On June 17, 2010, the U.S. Supreme Court issued its opinion in City of Ontario, Calif. v. Quon, No. 08-1332, slip op., 560 U.S. ___ (June 17, 2010), upholding the municipal employer’s right to search an employee’s text messages on a city-issued pager.  In this case, SWAT Sgt. Jeff Quon used the pager issued to him by the Ontario, California Police Department, to send and receive messages that, in the trial judge’s words, were “to say the least, sexually explicit in nature.”  Police officials discovered many personal messages, including some that were sexually explicit, when it decided to audit text message usage to see whether SWAT team officers were using their pagers too often for personal reasons.  The city had a policy making clear that it had the right to monitor communications on computers, e-mail and the Internet, but one police official informally told officers that no one would audit their text messages so long as the officers paid for the charges above a monthly allowance.  After the audit disclosed the sexually explicit messages, Sergeant Quon, a second officer, the sergeant’s wife and mistress sued the department saying their Fourth Amendment Rights were violated.
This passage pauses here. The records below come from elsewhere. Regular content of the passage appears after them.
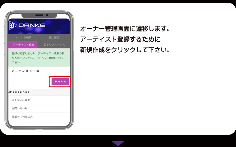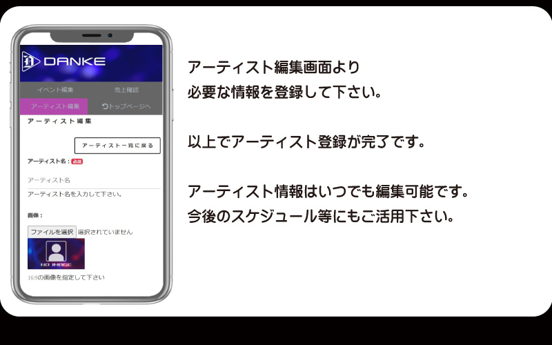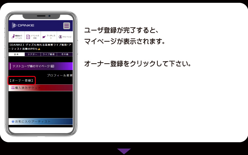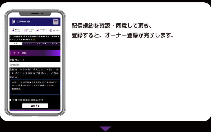 グッズも売れる高画質ライブ配信+アーティスト活動のPRなら【DANKE】 主催者登録のためのマニュアルはこちら 音楽 シアター ライブ配信 その他 オーナー登録までの流れ 各種マニュアル よくあるご質問 配信をご希望の方 お問合せ
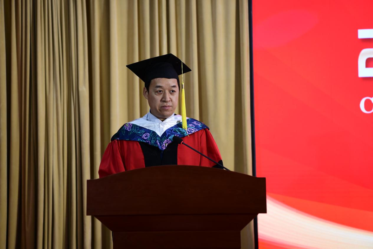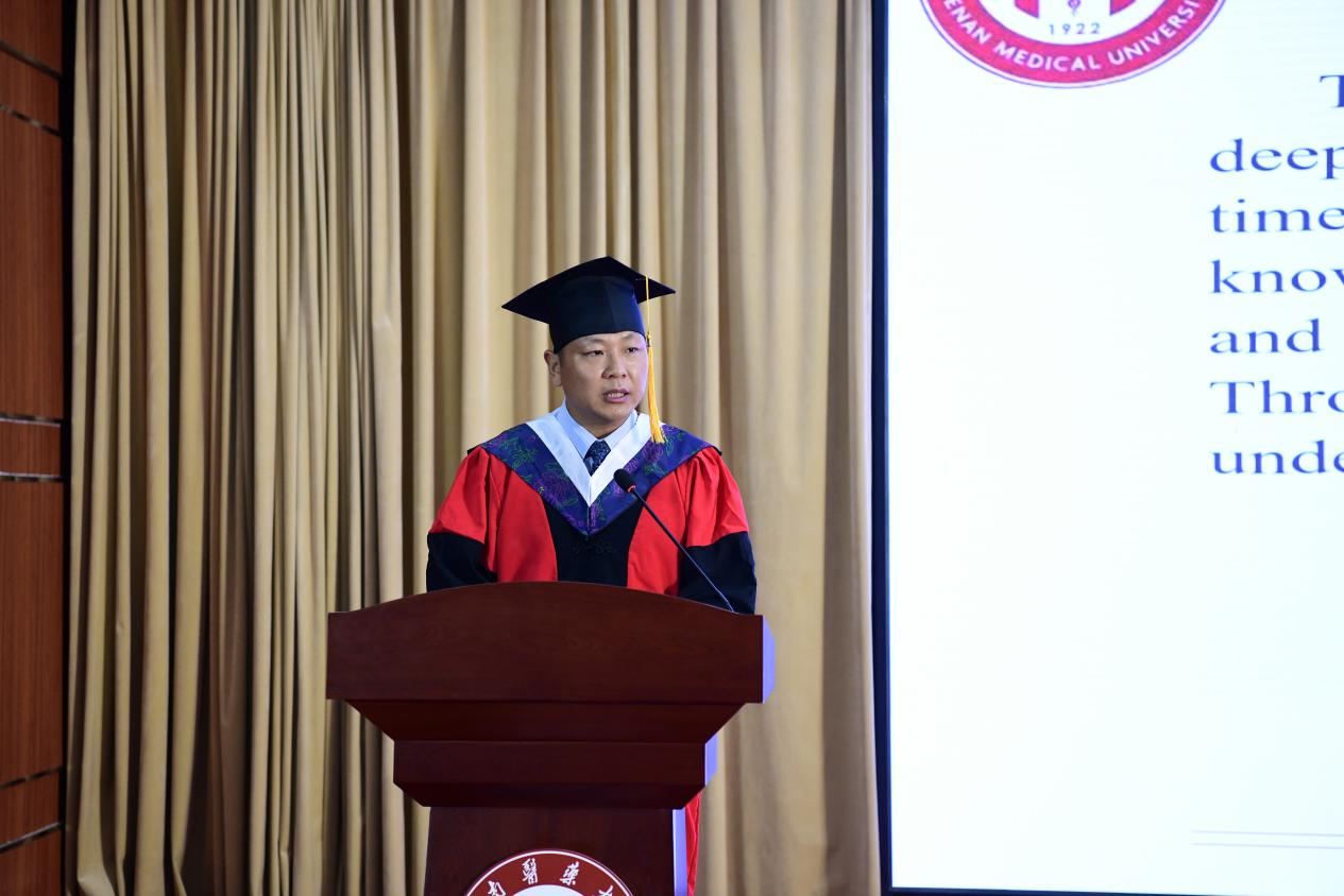 袁磊在致辞中回顾了2025届国际毕业生在校期间的成长点滴和精彩瞬间,并特别提及他们是历史的见证者——2025届国际毕业生亲历并见证了华亿在线体育(中国)官方网站正式更名为河南医药大学这一里程碑时刻,与学校共同迈入了跨越式发展的新阶段。随后,他给予了毕业生三点深切嘱托:一是永葆求知热忱,做终身学习的践行者,紧跟医学发展,精进医术;二是恪守医者初心,做生命健康的守护者,坚守职业道德,以仁心仁术服务患者;三是秉持包容胸怀,做文化互鉴的推动者,以开放心态促进文明交流。最后,他祝愿全体毕业生不负所学、不负时代,在中外交流的广阔舞台上大展宏图,为创造更加美好的世界贡献智慧与担当。
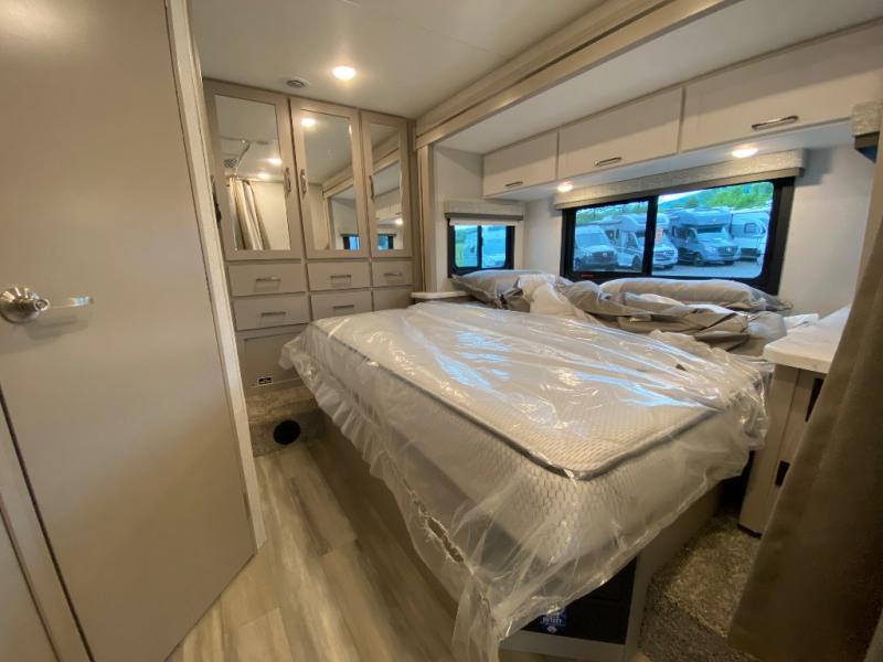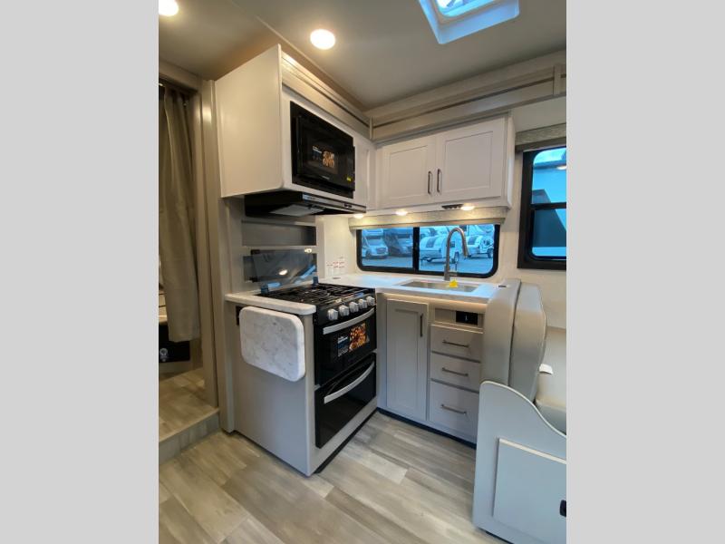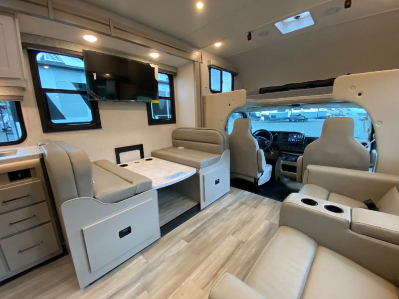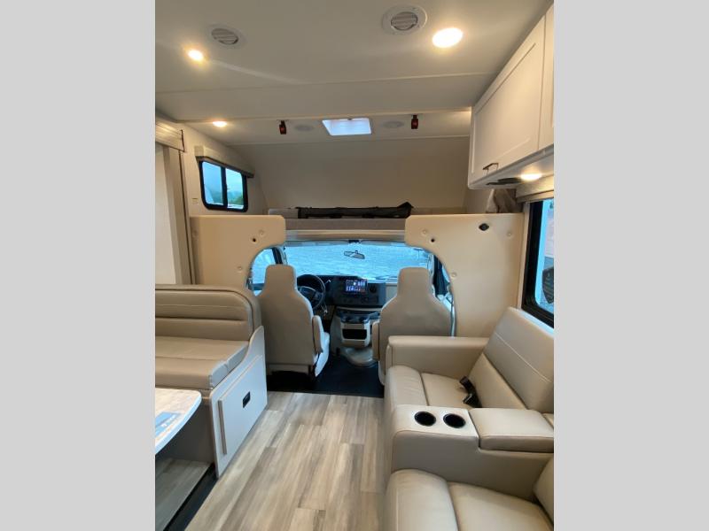 With any Four Winds Class C gas motorhome, you can travel in a trustworthy Ford E-Series chassis with 325HP, or a Chevrolet chassis with 401HP if you choose that option which is available on several models. Each is built with welded sidewall cage construction and a welded tubular aluminum roof, a one-piece fiberglass cap, and includes a slick fiberglass exterior with graphics package for style and years of enjoyment on the open road. Inside, you will enjoy the well-equipped kitchen, the spacious bathroom, the sleeping accommodations and the Winegard ConnecT 2.0 WiFi/4G/TV antenna that allows you to stay connected. With several floorplans to choose from and options to add, you will surely find one that fits your family's needs or your friend's approval. Choose today!
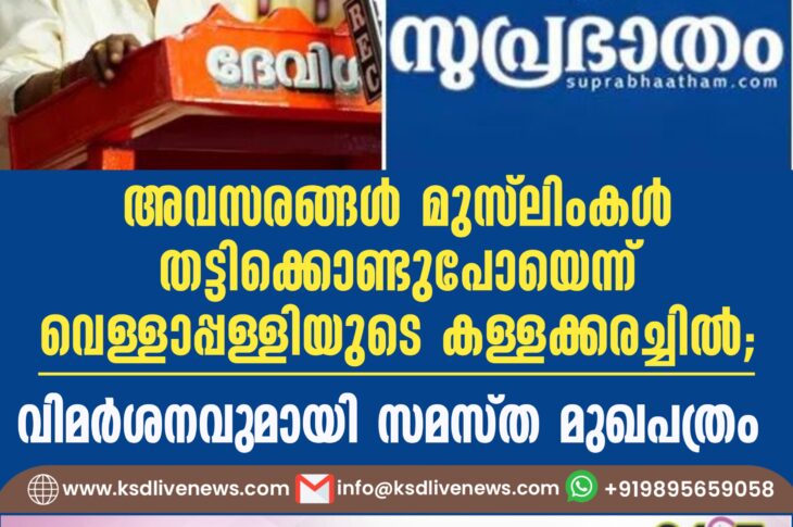 കേരളം അവസരങ്ങള് മുസ്ലിംകള് തട്ടിക്കൊണ്ടുപോയെന്ന് വെള്ളാപ്പള്ളിയുടെ കള്ളക്കരച്ചില്’: വിമർശനവുമായി സമസ്തJune 21, 2024
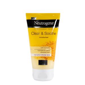 Neutrogena Clear & Soothe Moisturiser er en lett ansiktskrem spesielt utviklet for sensitiv, uren og stresset hud. Den beroliger og fukter huden effektivt. Denne hurtigabsorberende gelkremen har en unik sammensetning av gurkemeie, glyserin, pantenol og C-vitamin som umiddelbart beroliger og fukter huden. Resultatet er en myk og smidig hud med jevnere hudtone.
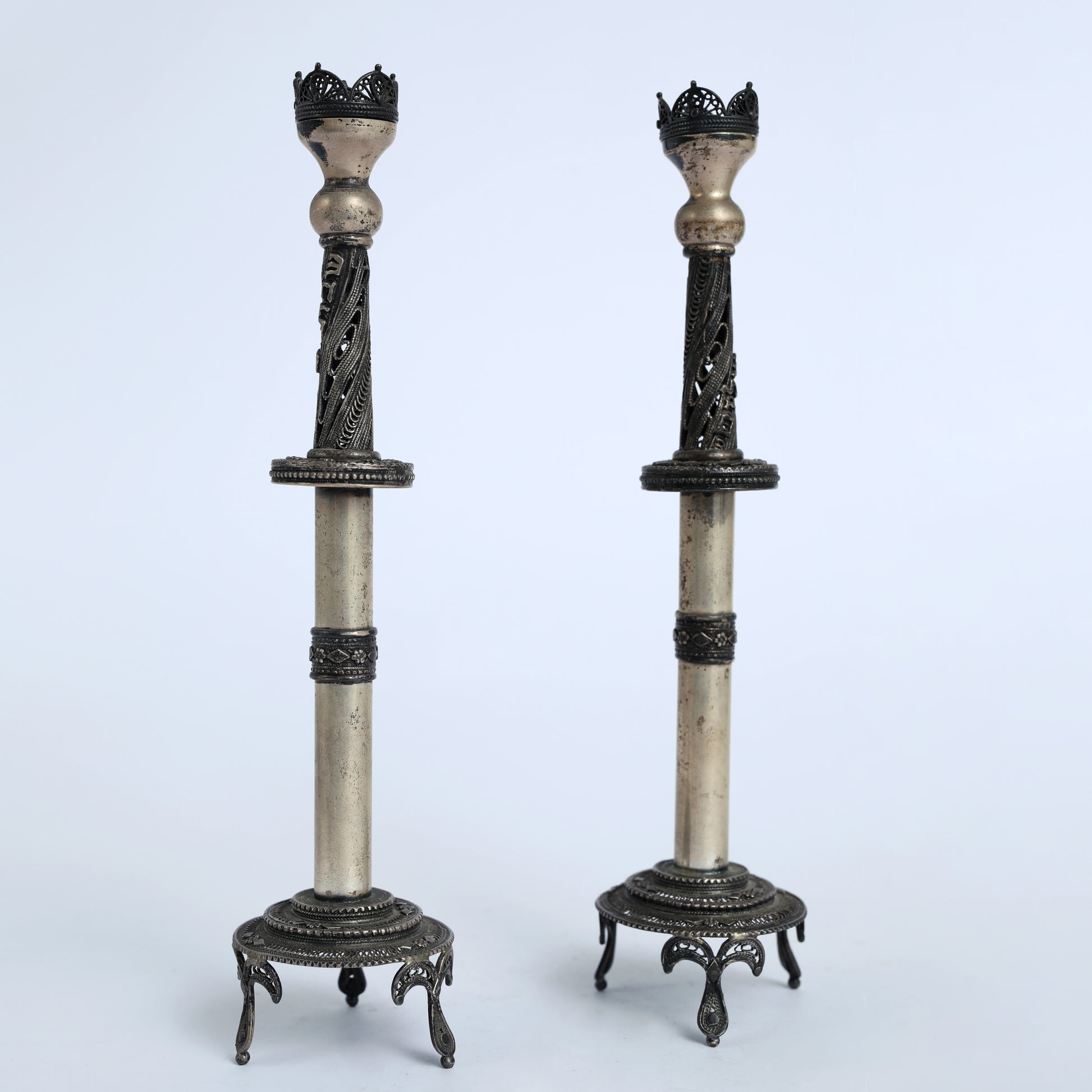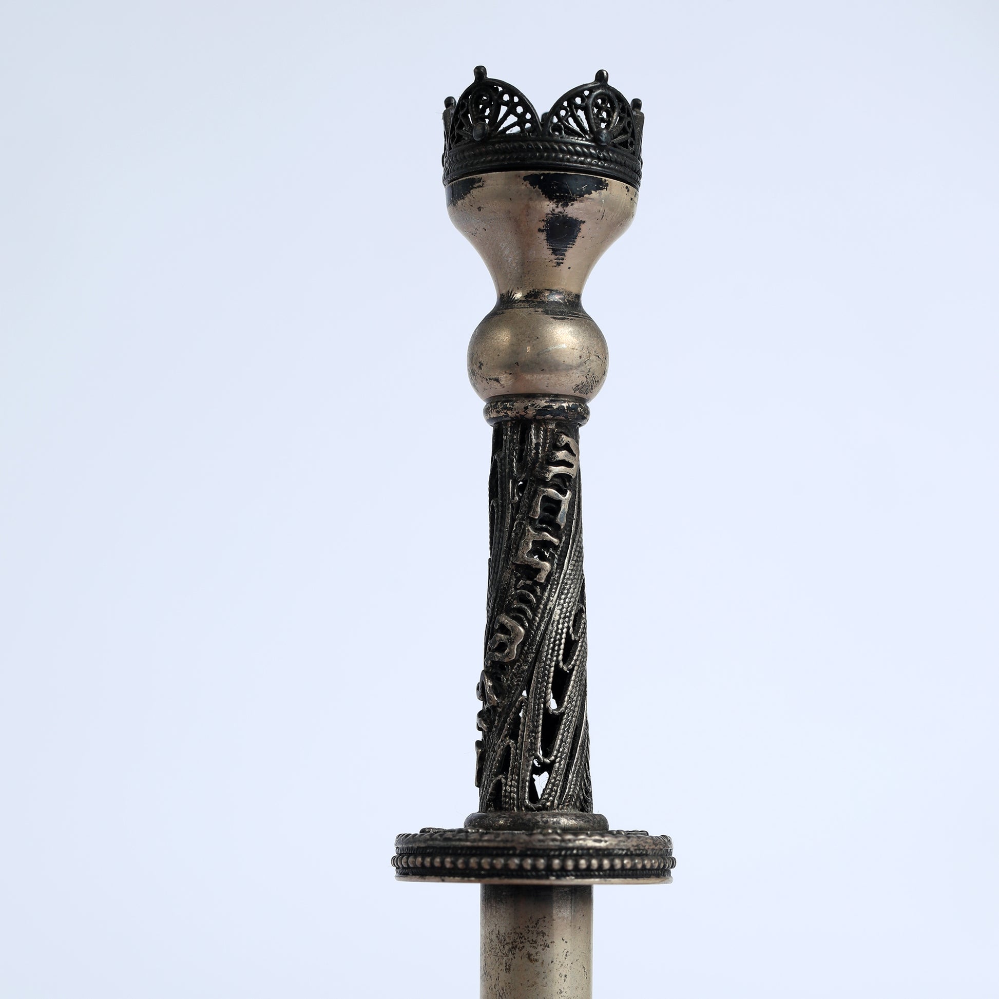 A handmade Shabbat candle holders, made of pure silver. The engraving in Hebrew means "Shabbat Shalom".

Writing on behalf of a unanimous Court, Justice Anthony Kennedy said that Quon could not assume “that his messages were in all circumstances immune from scrutiny.”  Justice Kennedy specifically warned that this decision was narrow and closely tied to the facts, and went on to say that the court was uncomfortable fashioning comprehensive legal rules, given the pace of technological and cultural change.  Saying that, so long as employers have a “legitimate work-related purpose” for inspecting such communications, however, Justice Kennedy wrote that the Police Department’s  audit of pager messages on a city-issued device “was not nearly as intrusive as a search of his personal e-mail account or pager, or wiretap of his home phone line would have been.”  Justice Kennedy went on to say that, based on the general affordability of cell phones and similar devices, employees who want to avoid having such communications revealed “can purchase and pay for their own.”